With the Batman film series about to be resurrected when Batman Begins premieres on June 17, McLynn recalls his time behind the steering wheel of the Dark Knight's ride.
On June 19, 1989, Mc-Lynn was at a friend's house when he caught sight of a commercial for MTV's Win the Batmobile Plus $25,000 contest, tied to a video for a Prince song from the movie. The cash was an incentive for the part-time Tobacco Company bartender, whose mode of transit at the time was a bike or skateboard.
To McLynn's great surprise, he was chosen out of 982,950 callers, making his win not quite but almost one in a million. He jumped up and down and started phoning friends, even the WTVR Channel 6 newsroom. They didn't believe him.
McLynn's 20-foot-long Batmobile cost $60,000 and was custom-built on an extended Chevrolet Impala wheelbase by Hollywood Productions, the company that made the movie's Batmobiles. The company provided a plaque for McLynn's Batmobile attesting that it was a replica.

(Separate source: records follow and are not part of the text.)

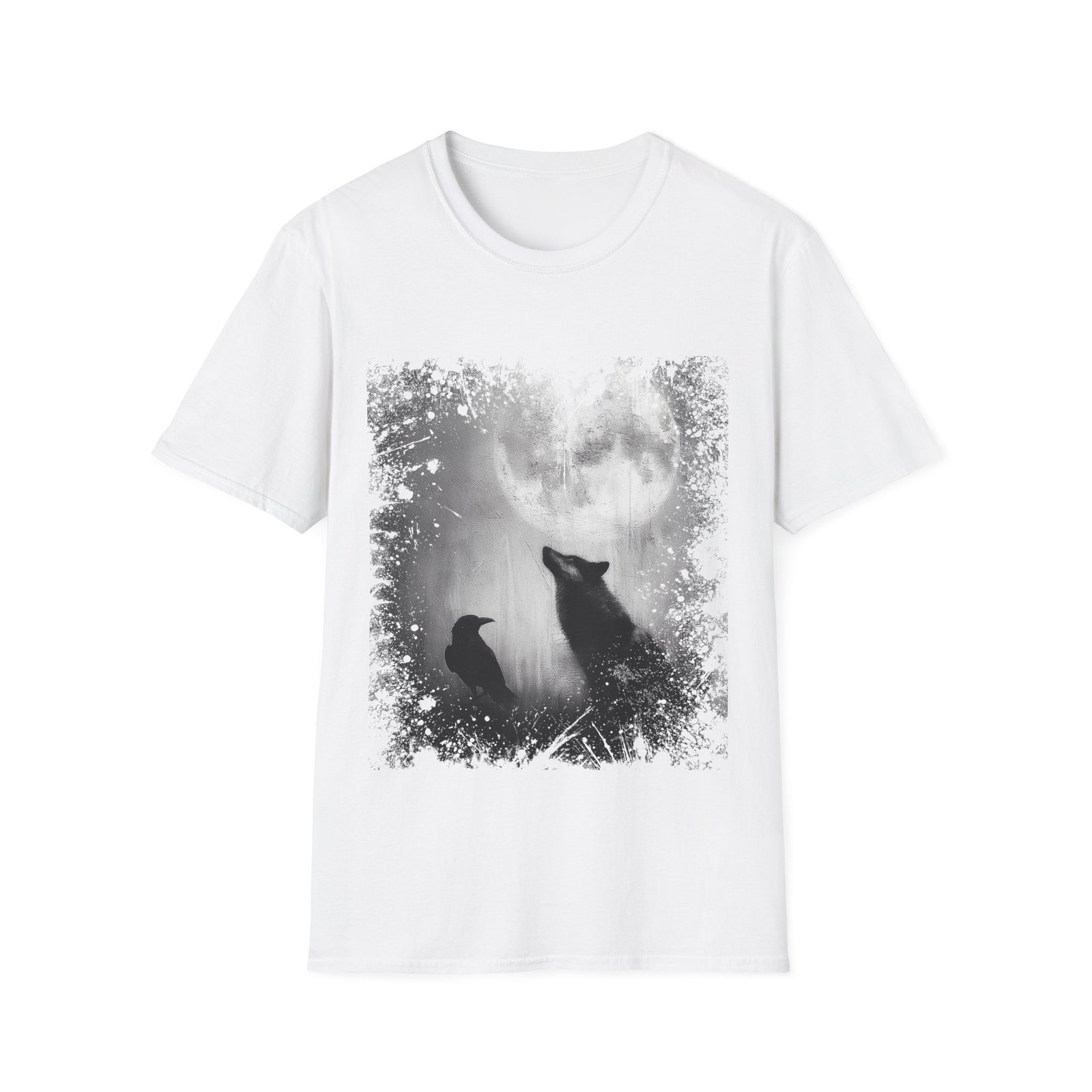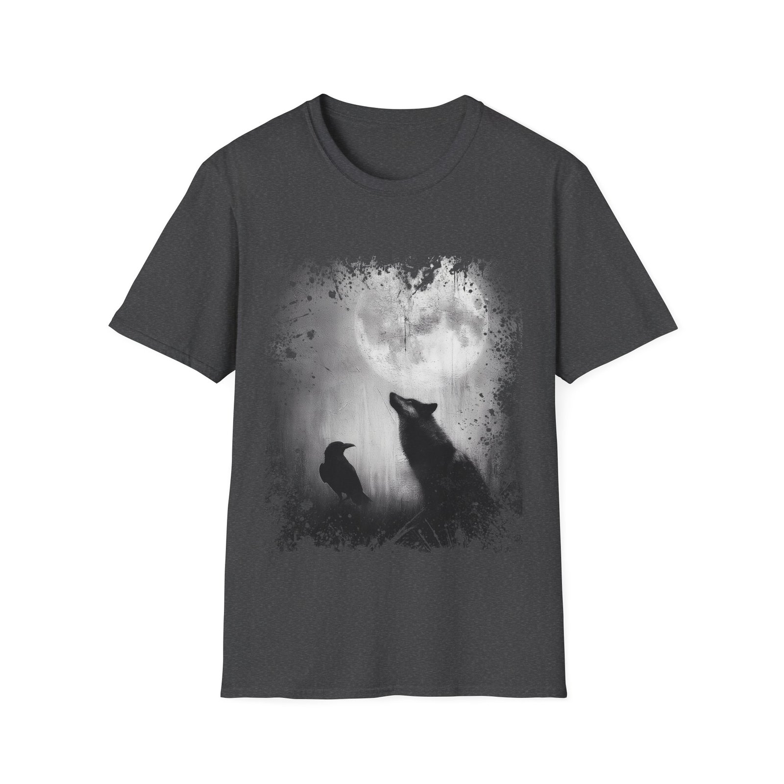 This atmospheric gothic T-shirt captures a powerful nighttime scene — a lone wolf lifting its gaze toward a luminous full moon, with a raven perched nearby in quiet companionship. The artwork is rendered in dramatic grayscale tones, allowing the moon’s glow to illuminate the silhouettes with striking contrast against the black fabric.
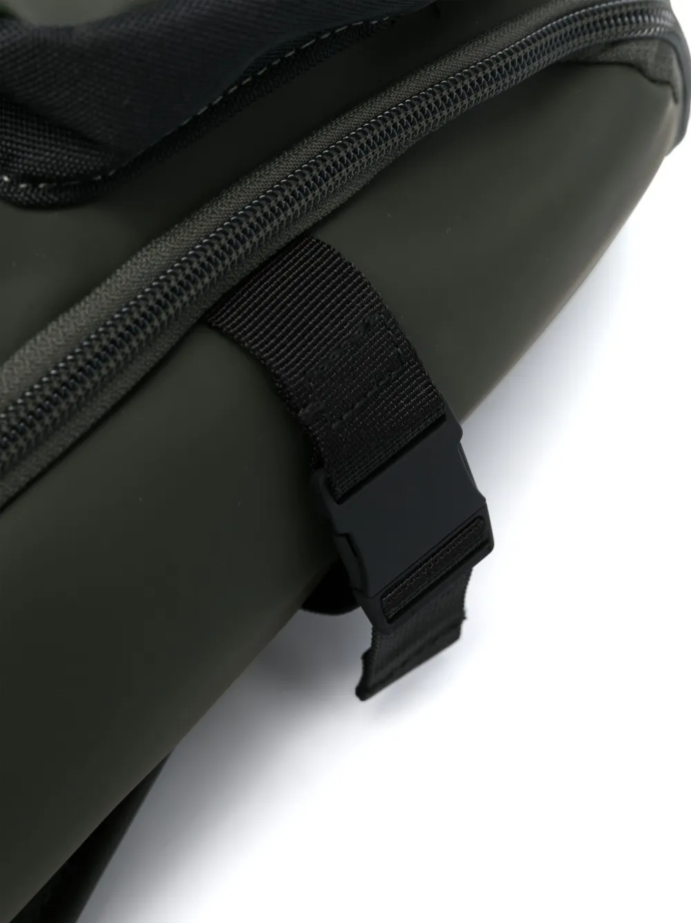 Темно-зеленый, черный, водонепроницаемый материал, металл с покрытием, застежка на молнии, застежка на пряжке и ремешке, два регулируемых ремня на плечо, основное отделение, внутреннее отделение для ноутбука и передние карманы на молнии. Узнать больше о том, какие товары получают отметку «Ответственный выбор», можно из материала «Как мы оцениваем экологичность и этичность».
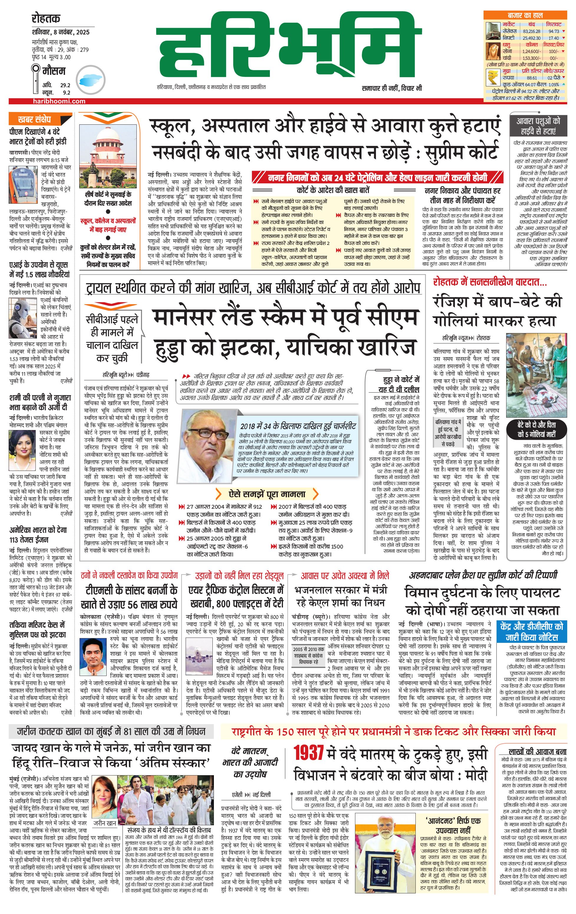 रोहतक मुख्य संस्करण - 08 Nov 2025 - - Page 1
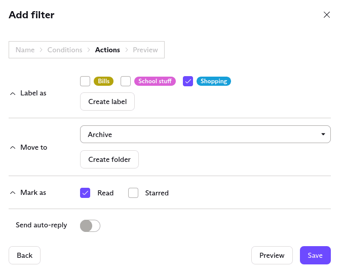 Note: Only users with a paid Proton Mail plan can send an auto-reply.
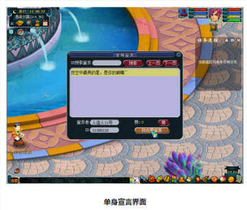 玩家还可以为他人的宣言点赞,每天获得“赞”的数量最多的四名玩家的单身宣言将会在系统广播内发表!
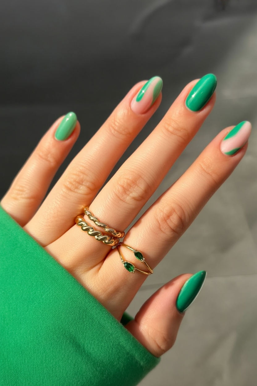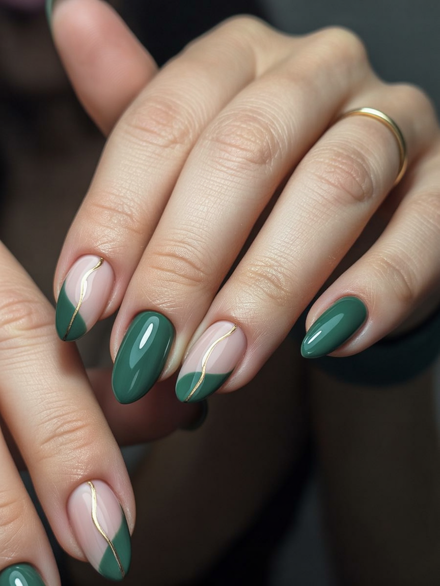 This look has movement—it feels dynamic, confident, and just a little bit daring. The diagonal sweep of green over a natural base gives these nails a fashion-forward feel, like a tailored blazer with an unexpected lining. It’s fresh, stylish, and subtly bold without crossing into flashy territory.
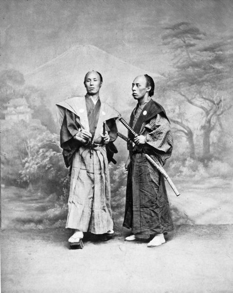 Самурай на коленях перед государственным чиновником или дайме. Фотография. 1877.
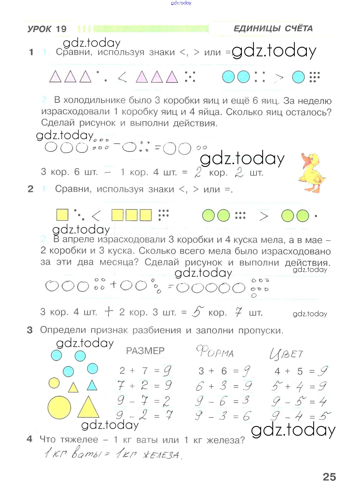 На страницах сайта gdz.today вы найдете учебный и вспомогательный материал, направленный на улучшения знаний школьной программы. ГДЗ - онлайн мир знаний Решение к части 3. Страницы 25 Рабочей тетради по Математике для 1 класса Петерсон Ювента Учусь учиться 2016
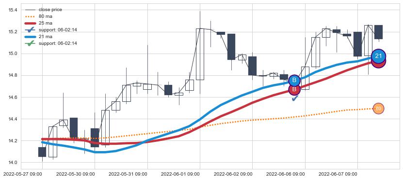上涨趋势05-27 09:00-06-07 11:00,均线25, 21确认关键支撑1处
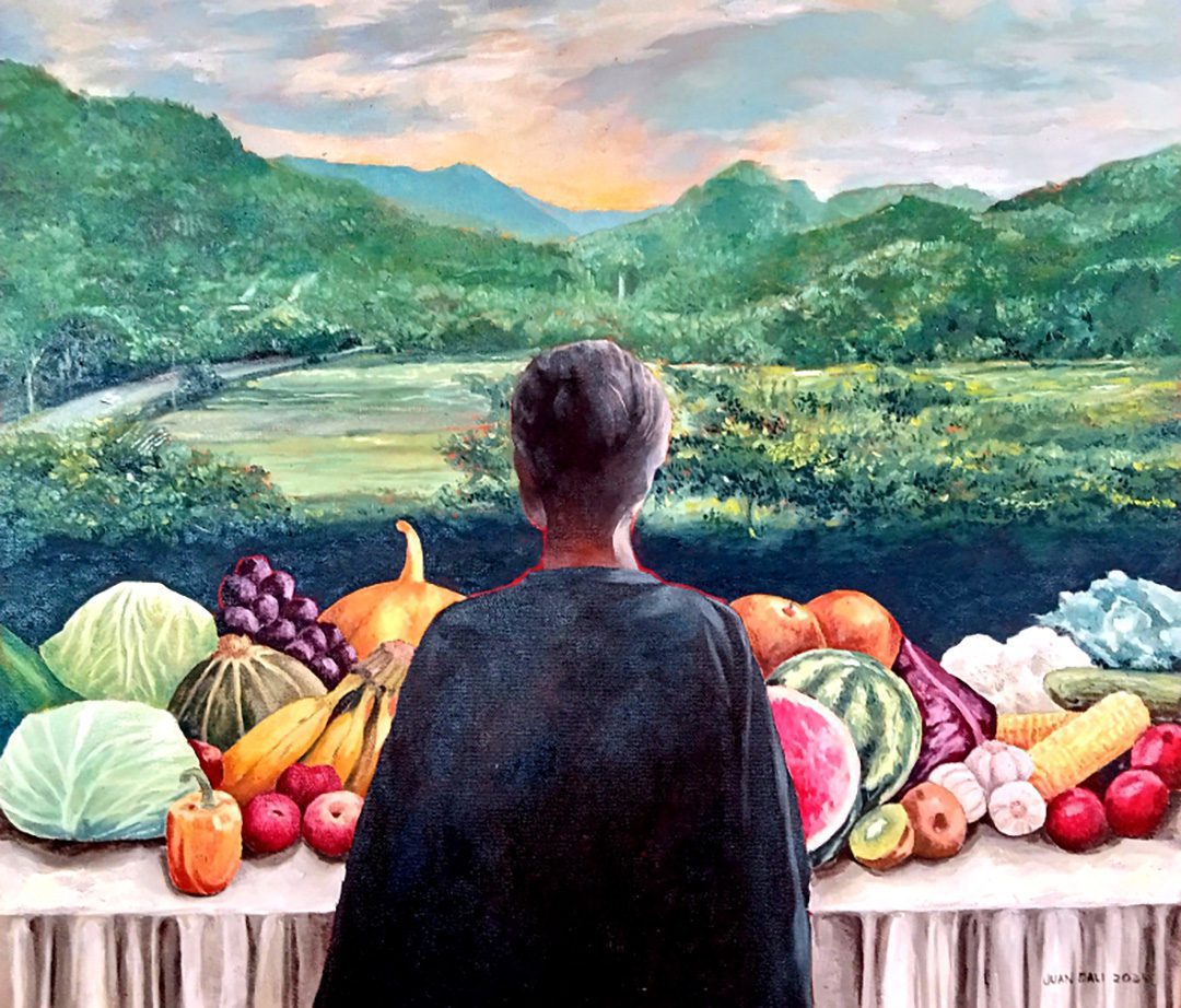 Melalui sapuan warna yang jujur dan puitis, Juan menggambarkan bentang alam yang subur dan tenang, dengan bukit-bukit yang merunduk dalam cahaya, ladang yang membentang, dan langit yang memeluk bumi. Di tengah lanskap itu, tergambar sebuah meja panjang yang dipenuhi hasil bumi: buah-buahan, umbi, biji-bijian—semuanya berasal dari tanah Menoreh. Meja ini menjadi simbol kemakmuran, ketersediaan pangan, dan keberlimpahan yang bersumber dari hubungan harmonis antara manusia dan alam.
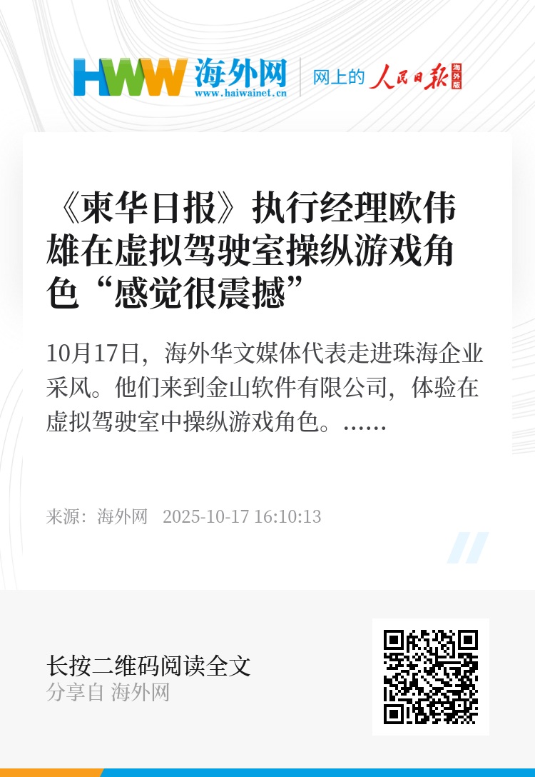10月17日,海外华文媒体代表走进珠海企业采风。他们来到金山软件有限公司,体验在虚拟驾驶室中操纵游戏角色。
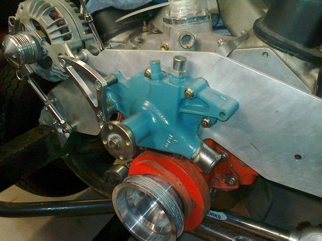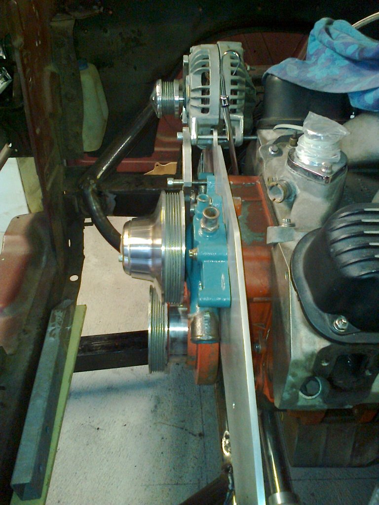 Well i've 'adjusted' the motor plate so that's now fine, found bolts that fit and worked out where the alternator will now sit. I just need to get a spacer made to stand the pump pulley 1/2" off the pump drive.

McLynn, today a co-owner of the Fan District's Metro Grill, still believes the car might have been used in the film. He thinks the company downplayed its role to keep his resale value lower. "I mean, it was made from a handmade metal frame, handmade fiberglass with eight layers of lacquer. Why would you go through all that effort and not use it?"
None of that mattered at 4:30 p.m. on June 23, when Batman premiered at the Ridge Cinema (now a Kroger grocery). Some 800 people watched the lanky redheaded McLynn get his prize in the Ridge parking lot. Actor Robert Wuhl, who played "ace reporter" Alexander Knox in the film, presented McLynn with a prop $25,000 check before introducing the film inside the theater.
"There was so much going on," McLynn recalls. "It was overwhelming and kind of surreal."
McLynn climbed into the curvaceous vehicle, but there was one problem: It didn't have an engine.
Holy unmotored vehicle, Batman!
McLynn explains: "The steering wheel worked, the brakes worked, the dials were in the cockpit. But it didn't have an engine. You couldn't open the hood; the entire body had to be lifted up to work inside it. It was a prop. You have to think of it like a big go-kart."
At the time, McLynn thought he'd exhibit it at the Strawberry Street Festival and the Carytown Watermelon Festival, but neither those nor other ideas proved feasible. Upon receiving his prize, McLynn had been required to sign a strict contract wherein he agreed not to exhibit the car for money, though later the Science Museum of Virginia put it on display, asking for "donations." There, a Bat-vandal made off with the shift lever. After the taxes were taken out of his MTV cash, McLynn bought a Suzuki GXR 750 motorcycle, which got wrecked a few years later.
Hollywood Productions wanted to buy the car back from him and made various offers, including a Corvette and $50,000. "They got the rights to build the car, but I think they were pressured by MTV and Viacom, which owns it, and they're huge, to put the car up for a contest," McLynn says. "[Their] idea was to take it to car shows, and they hoped whoever won it would sell it right back to them. I didn't." At the time, McLynn was offering the car for $125,000 to $330,000.
Meanwhile, McLynn had to find various makeshift Batcaves for his Batmobile; for the past seven years he used the old Argus Steel factory off Lombardy Street near Virginia Union University.
McLynn couldn't afford the Batmobile's estimated $10,000 insurance premium. He had to pay tax on the car, too, and that got him an audit by the IRS.
At first McLynn took numerous people to see the vehicle. But that stopped, too. His girlfriend of the past seven years didn't see the car until the morning in July 2003 when the private Illinois collector he sold it to came to retrieve it.
"I sold it for not a lot of money, but enough to settle my taxes and get everything straightened out," says McLynn, who wouldn't specify the amount. All he has left from his Batmobile experience are photos (to be displayed at Metro Grill), memories and a futon he bought at a now-closed Shockoe Slip store.
He chuckles, "That futon's been with me in Colorado, the Florida Keys; it's a great futon."